Lucette, ou les Progrès du libertinage/02-04

CHAPITRE IV.

Beaux ſentimens.


Si Lucette mérita les ſuffrages du Public par l’art qu’elle mit dans ſes rôles, elle s’attira ſon eſtime par ſa conduite. Bien différente de quelques Actrices, qui ſe livrent publiquement à la joie & aux plaiſirs, & des Amans deſquelles chacun pourroit faire le Catalogue Alphabétique, elle menoit une vie ſimple, honnête, uniforme ; on l’auroit priſe pour une Bourgeoiſe. Ce n’étoit qu’au théâtre qu’elle étaloit des robes ſuperbes. Elle n’imploroit point le ſecours de ſa toilette, du rouge & du blanc, pour ſe montrer hors de la ſcène : ſon air étoit doux & modeſte ; elle peignoit ſur ſon viſage l’ingénuité d’une Agnès, & marchoit les yeux baiſſés.

Un phénomène auſſi ſingulier attira l’attention de tout le monde ; elle devint le ſujet des converſations des Caffés, des Petits-maîtres, des bonnes-gens. On deſira de lui faire perdre cette vertu qui la rendoit célèbre. De mauvais plaiſans la trouverent ridicule ; mais notre héroïne les laiſſa dire, & parut encore plus réſervée. On s’étonna de lui voir jouer avec tant de feu les rôles d’Amoureuſe, pluſieurs firent inutilement leurs efforts pour lui faire reſſentir ce qu’elle exprimoit ſi bien.

Il eſt des êtres frivoles, eſpéces de papillons peints de diverſes couleurs, qui viennent au ſpectacle, non pour entendre, ni pour admirer les ouvrages des grands Maîtres ; mais pour voltiger de couliſſe en couliſſe, de Danſeuſe en Danſeuſe, d’Actrice en Actrice ; ils ſe mettent en frais de plaiſanteries fades, de diſcours doucereux & gaillards. Ces petites machines animées, qui peuvent avoir donné l’idée du mouvement perpétuel, ſont tantôt dans un lieu, tantôt dans un autre : parlent auſſi haut que l’Acteur ; éclatent de rire dans l’endroit le plus touchant d’une Tragédie ; ſe placent effrontément au milieu du théâtre ; ſourient à droite, à gauche ; ſe careſſent, tendent la jambe, & reſſemblent de loin à des Pantins, placés pour la décoration.

Lucette ne jugea point à propos d’écouter leur verbiage ; au grand étonnement de ces Meſſieurs, elle fut inſenſible aux choſes fines qu’ils lui adreſſerent ; elle n’étoit occupée que de ſon rôle, & ne daignoit ſeulement pas ſourire.

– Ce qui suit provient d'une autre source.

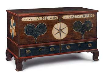VIBRANT LEHIGH COUNTY, PENNSYLVANIA PAINTED DOWER CHEST, inscribed Salame Gaumerrin 1809, having two hearts on the lid which repeat on the front panel, centering a six-pointed star over two stippled drawers, the end panels with three color philphlots, all resting on ogee bracket feet, 30.25" h., 47.75" w., 22.25" d. For a similar example, see Fabian, The Pennsylvania German Decorated Chest, pg. 176, figure 180. Sold at Pook & Pook, April 20,2013, lot 536.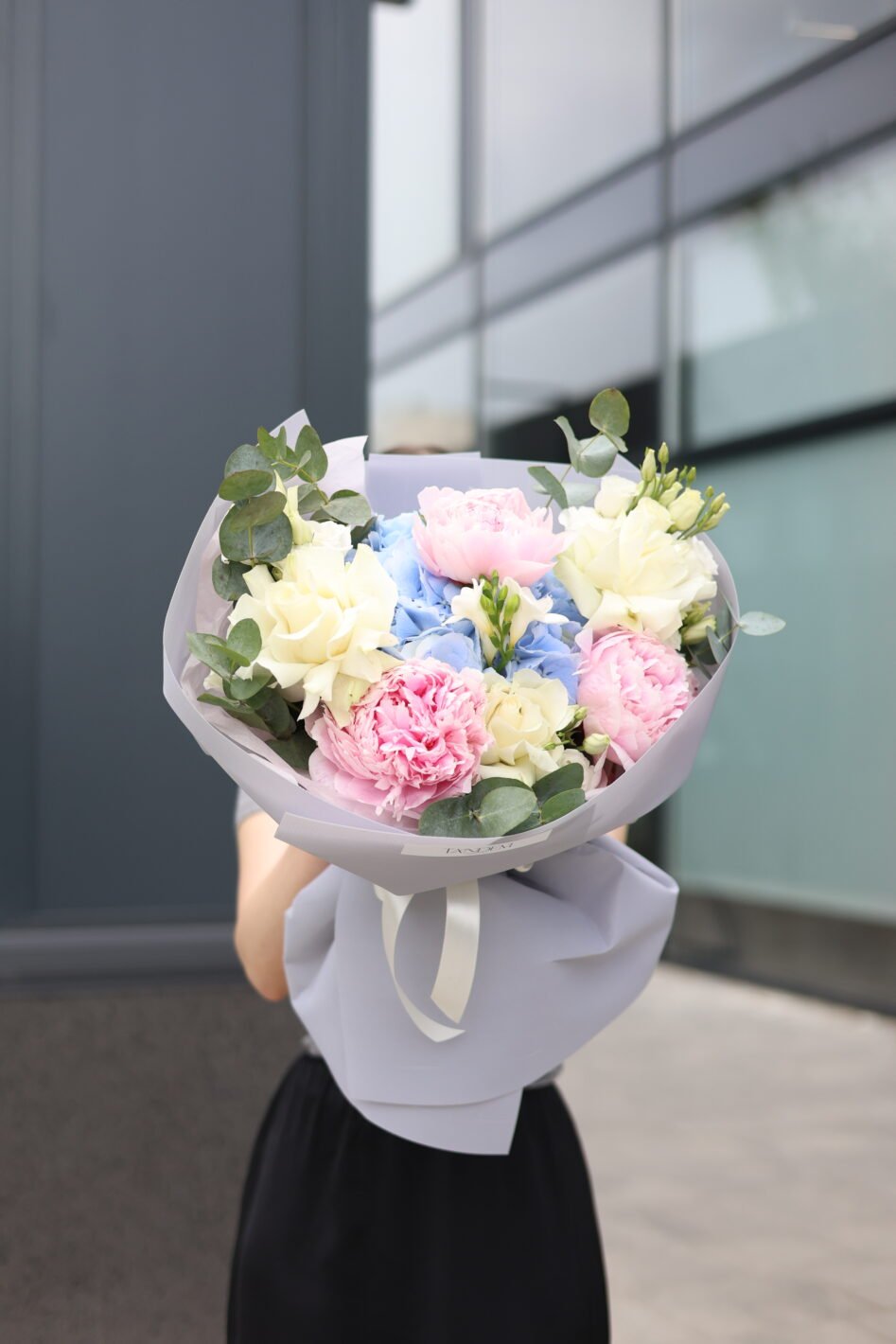 Ніжний мікс із блакитною гортензією і піонами

Ils furent obligés de l’abandonner, & trouverent aſſez de quoi ſe dédommager.

Quand quelque libertin, raſſuré par l’état de notre héroïne, oſoit lui parler ſans façon, elle prenoit un air ſi courroucé, ſi noble, ſi vertueux ; elle lui diſoit avec tant de modeſtie qu’il ſe trompoit, que le pauvre homme, pétrifié, perdoit toute ſon audace, & devenoit bientôt auſſi retenu, auſſi timide, qu’il avoit été d’abord entreprenant.

On ne l’abordoit que pour la féliciter ſur ſon jeu ; les yeux ſeuls exprimoient ce que l’on n’oſoit dire. Elle avoit bien une foule de ſoupirans ; mais ils gardoient autour d’elle un profond ſilence. Il ſe trouva pourtant des incrédules (ce ſiécle en eſt rempli) qui douterent de ſa ſageſſe. On voyoit avec ſurpriſe une Actrice ſe faire reſpecter. Nous ne ſommes plus accoutumés aux miracles.